Detailed Comparisons

vs. Top-K

Top-K (K=5):
✓ Simple, fast
✓ Predictable set size
✗ Arbitrary cutoff
✗ Ignores probability structure

Power Law:
✓ Respects probability magnitudes
✓ Smooth, continuous selection
✗ More complex
✗ Slower computation

vs. Top-P (Nucleus)

Top-P (P=0.9):
✓ Dynamic set size
✓ Cumulative threshold
✗ Still biased to high-prob tokens
✗ No control over probability range

Power Law:
✓ Can target any probability range
✓ Explicit control over exploration
✗ Less intuitive parameters
✗ Requires tuning

vs. Temperature

Temperature (T=1.5):
✓ Universal scaling
✓ Single parameter
✗ Affects all tokens equally
✗ Can boost nonsense tokens

Power Law:
✓ Selective boosting by probability
✓ Quality-aware exploration
✗ Multiple parameters
✗ More complex behavior

vs. Mirostat

Mirostat:
✓ Adaptive (perplexity-based)
✓ Theoretically grounded
✗ Targets perplexity, not probability
✗ Indirect control

Power Law:
✓ Direct probability targeting
✓ Intuitive probability-space control
✗ Less theoretical foundation
✗ Heuristic adaptation

Practical Examples

Example 1: Creative Writing

Goal: Generate vivid descriptions without nonsense

target = 0.12              // Target moderately-likely words
distribution_width = 0.08  // Accept 4-20% probability range
tail_heaviness = 3.0       // Moderately steep falloff
queue_size = 20            // Smooth adaptation over phrases

Result: Favors descriptive alternatives over common words, but maintains grammatical sense.

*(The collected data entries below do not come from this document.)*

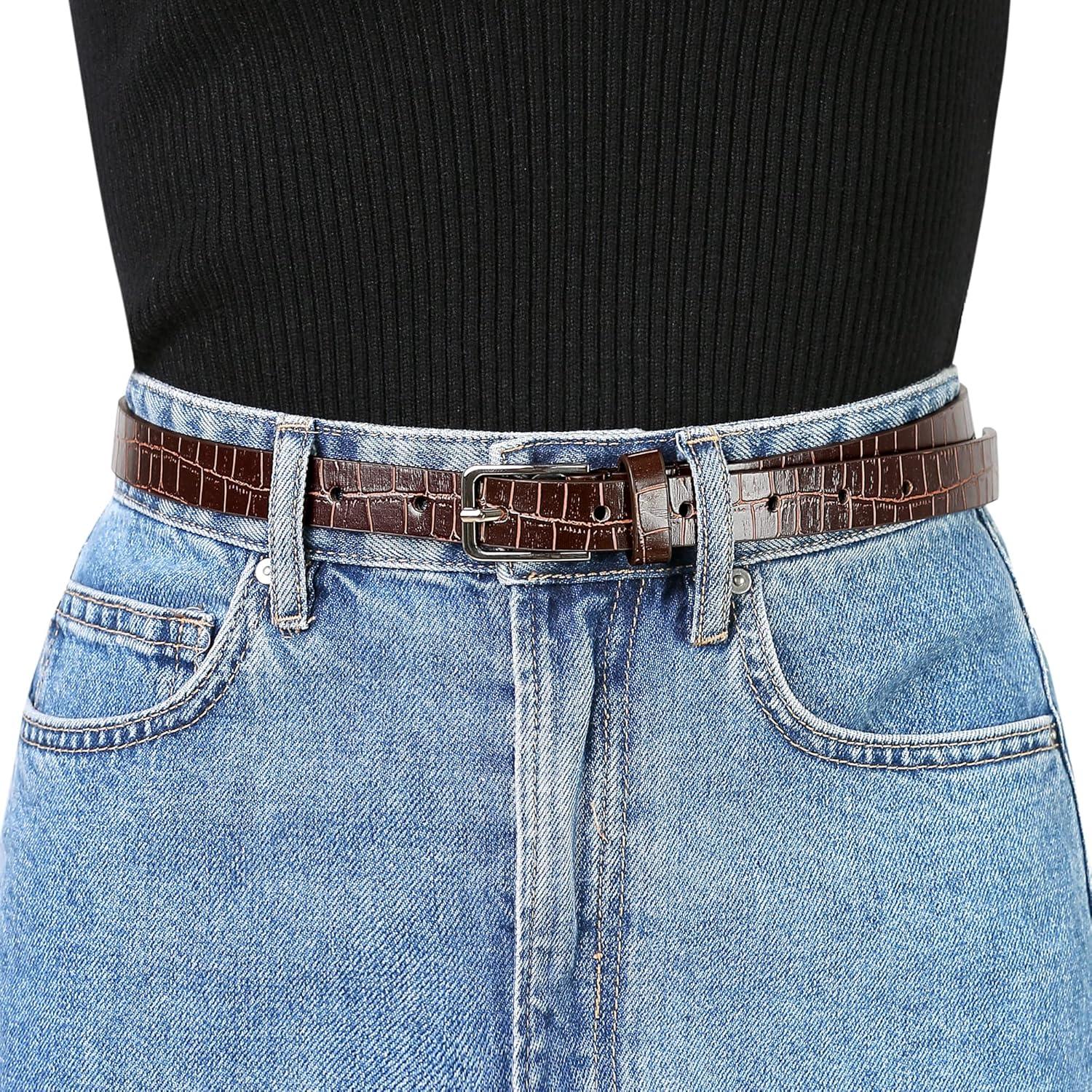 Allegra K Women's Skinny Waist Belts Single Pin Buckle Cute Animal Printed Pants Dress Thin Faux Leather Belt(Stone Pattern Coffee)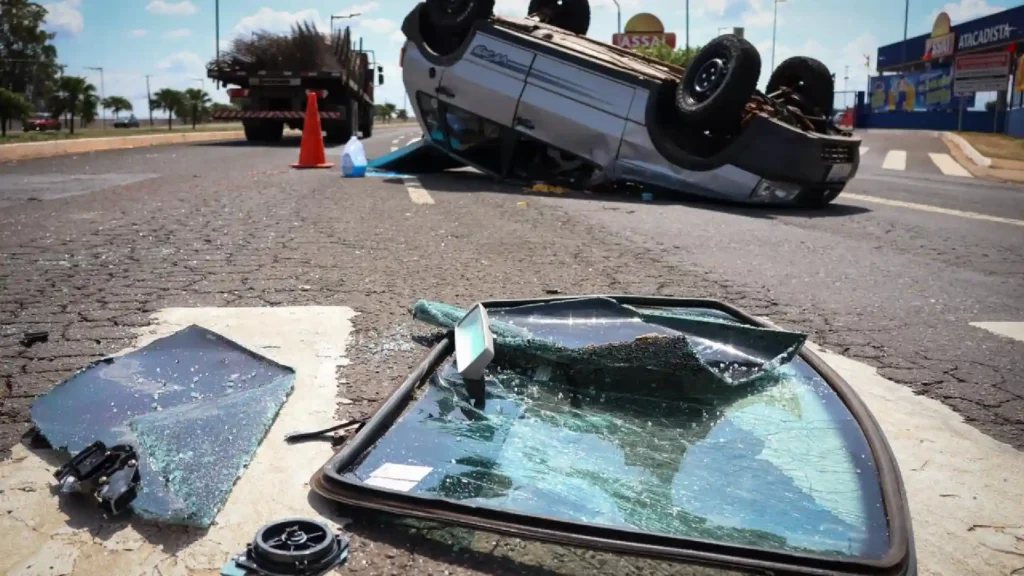 Nesse momento, segundo sua versão, foi atingido por uma Kombi que seguia pela Duque de Caxias, no sentido Centro–bairro. Com o impacto, o Uno capotou e parou tombado de lado na via.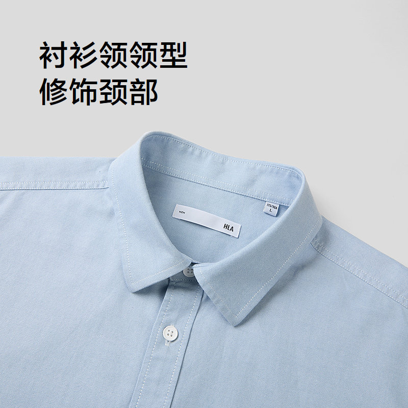 HLA/海澜之家山不在高纯棉牛津纺短袖白色衬衫春夏休闲透气上衣男

Example 2: Code Generation

Goal: Suggest less obvious but valid completions

target = 0.25              // Target upper-middle probability
distribution_width = 0.15  // Wide acceptance range
tail_heaviness = 2.0       // Gentle falloff
queue_size = 10            // Quick adaptation

Result: Explores alternative implementations while staying syntactically valid.

Example 3: Dialogue Variation

Goal: Prevent repetitive response patterns

target = 0.15              // Mid-range responses
distribution_width = 0.10  // Moderate range
tail_heaviness = 4.0       // Focus on target
queue_size = 30            // Long memory for diversity
min_target = 0.05          // Prevent going too random
max_target = 0.40          // Prevent going too conservative

Result: Maintains conversational flow while varying expression style.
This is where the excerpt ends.